The chapter also warns of potential distortions to the investment market caused by an aging society. For example, the resulting shortage of labor would force firms to increase the use of capital as a substitute. This would reduce the return on capital for pension funds and other investors, and hence their investment returns. Moreover, older people and their pension funds tend to put their money in safer assets, because of the need for a regular income (in the years after retirement), and for assets that are unlikely to fall sharply in value (in the last few years before retirement). The IMF warns that this “reallocation of saving from riskier to safe assets may lead to potential mispricing of risk” — with safer assets overpriced, and riskier assets such as equities underpriced.
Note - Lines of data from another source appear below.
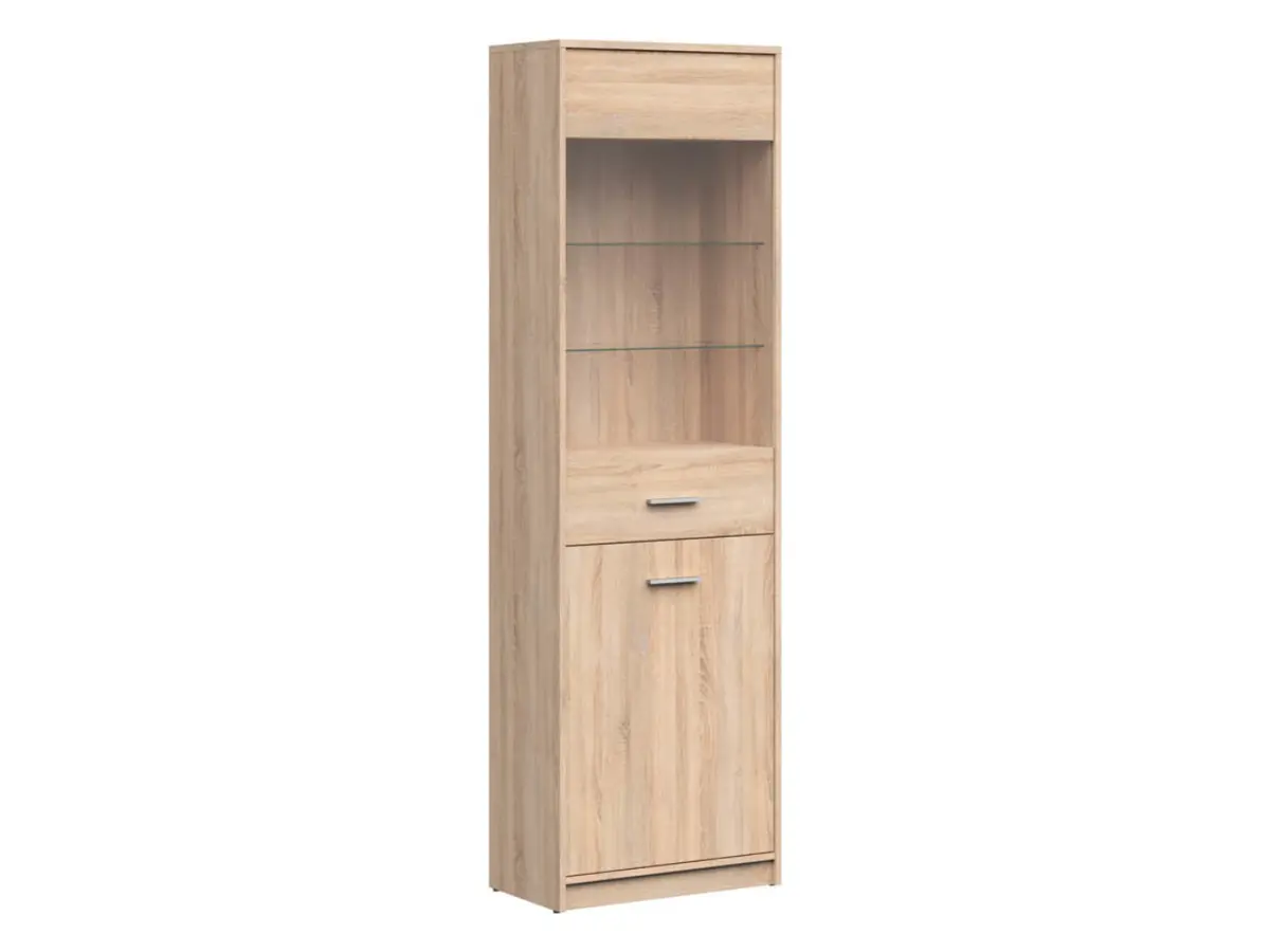 La vitrina se divide en dos secciones que se abren de forma independiente. La parte superior, con frente de cristal, alberga tres estantes ideales para lucir tu colección favorita: tazas, trofeos u objetos especiales. Detrás de una puerta opaca, cuenta con dos compartimentos discretos para el día a día. En la parte inferior, un amplio armario con estante divisorio permite organizar desde juegos de mesa hasta archivadores o vajilla.
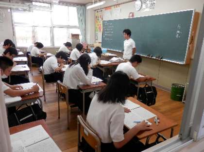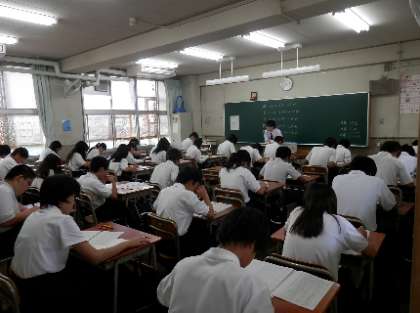 本日は、3年生が第2回実力テスト、1・2年生は、夏休み中の宿題等に関する課題テストを実施しました。1限から5限までのテスト攻めで、ずいぶん疲れた様子でした。
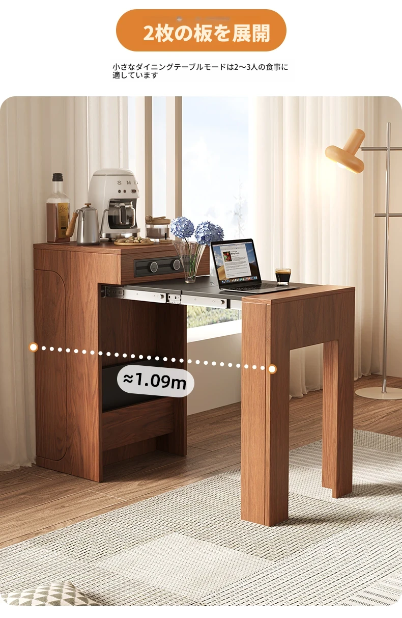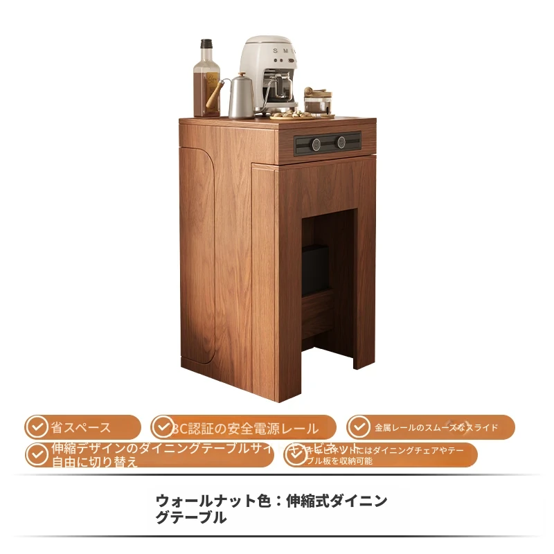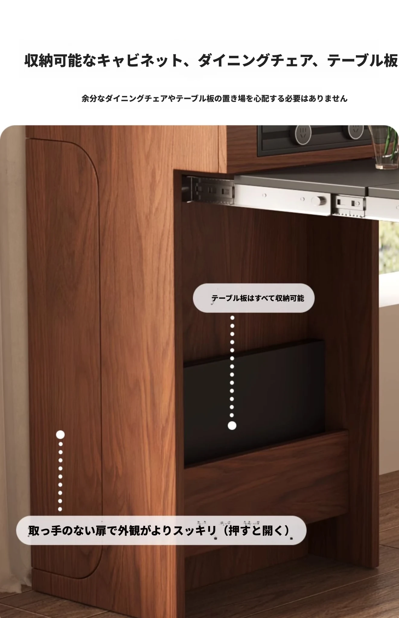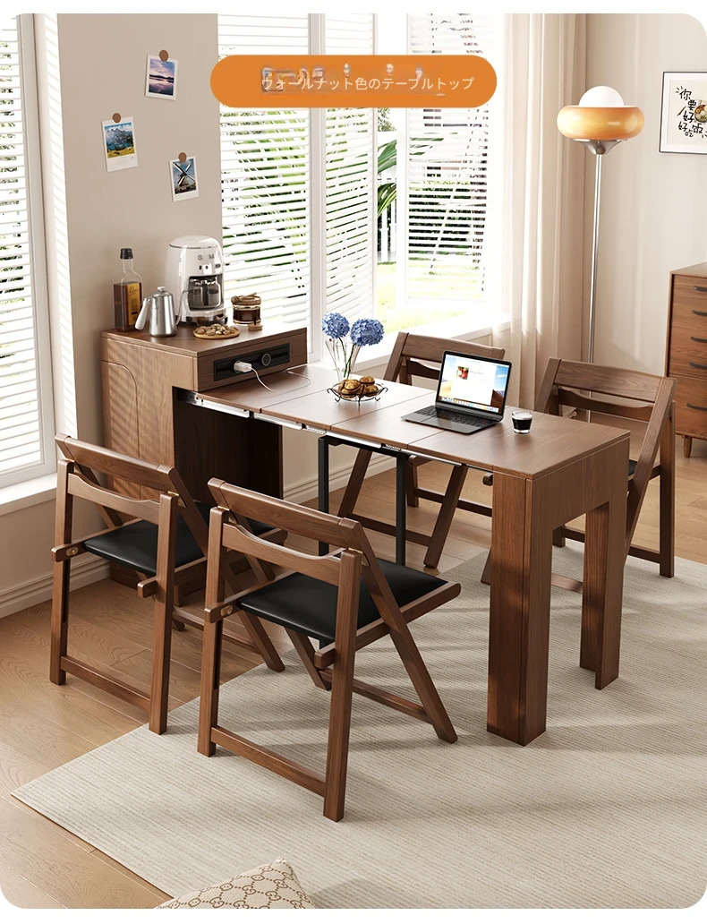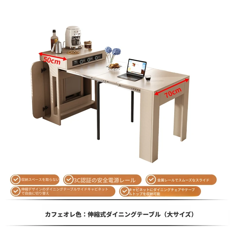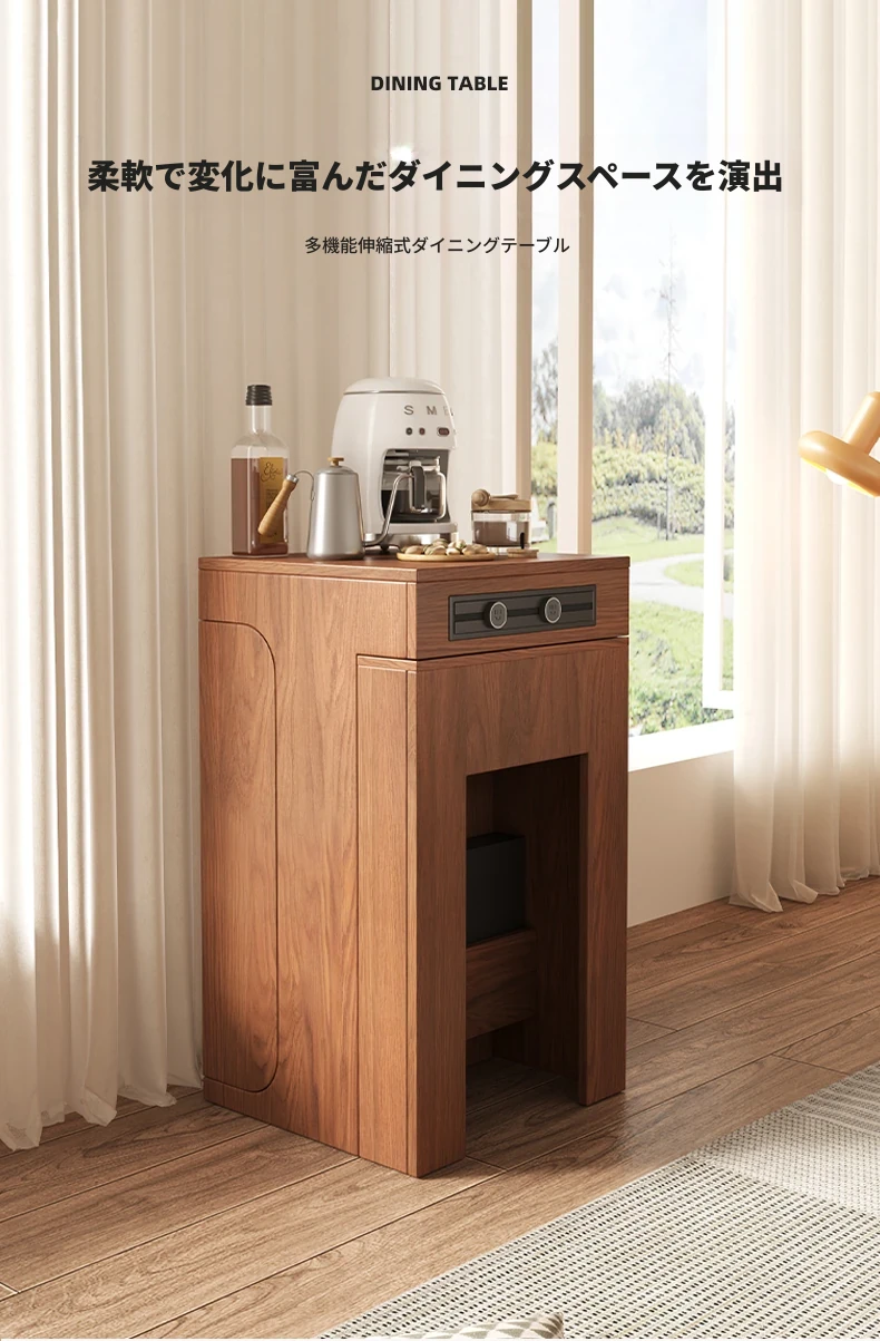 香港送料無料!小型ミニ伸縮式ダイニングテーブルセット&サイドキャビネット、現代的でシンプルなデザイン・省スペース・長方形の家にぴったり!
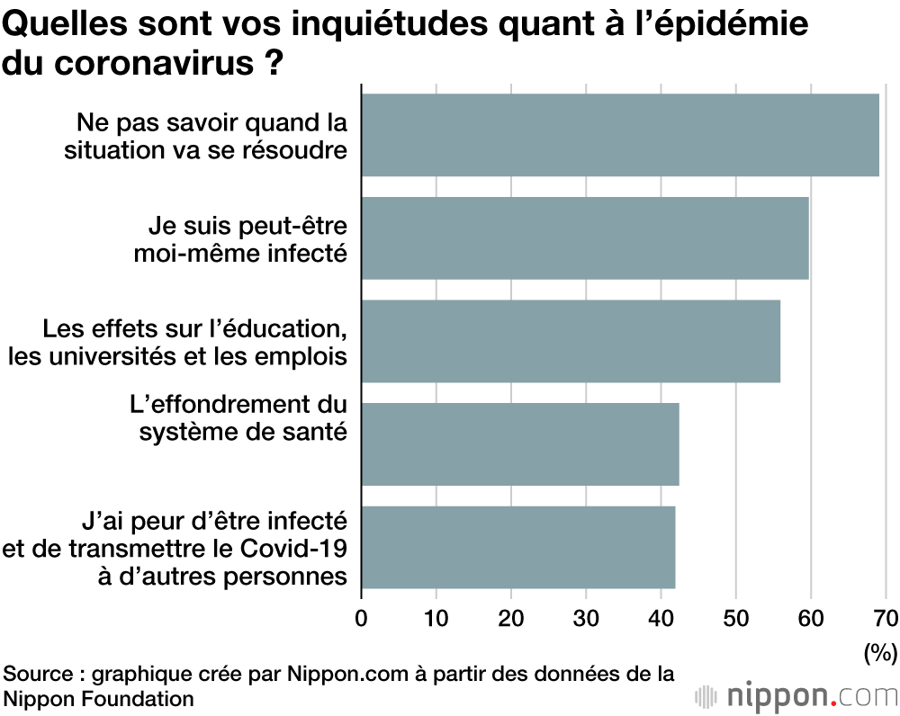 À la question « Quelles sont vos inquiétudes quant à l’épidémie du coronavirus ? », la réponse la plus donnée, à 69,1 %, était l’incapacité à savoir quand la situation allait se résoudre.

Turning to solutions to the longevity risk problem, the organization says private and public pension providers should consider increasing retirement ages and pension premiums, and reducing the generosity of pension payments.

It warns that in countries where the “flexibility” to take such steps “is lacking” — including the U.K. — “plan sponsors are closing down defined benefit plans and switching to defined contribution schemes”.

The IMF also extols the virtues of financial instruments that allow defined benefit pension providers to pass longevity risk to organizations that will benefit from higher-than-expected life expectancy, such as life insurance companies and suppliers of long-term care. Through a longevity swap, for example, the pension scheme’s sponsor makes a regular payment to the counterparty, which in return makes periodic payments based on the difference between actual and expected payments of benefits to retired scheme members.

However, the IMF acknowledges: “The use of capital market–based longevity risk management solutions has been growing, but their use remains small” — with the “notable exception” of the Netherlands and U.K. In the U.K., the value of deals cut by pension funds to transfer their longevity risk rose to £9 billion in 2011.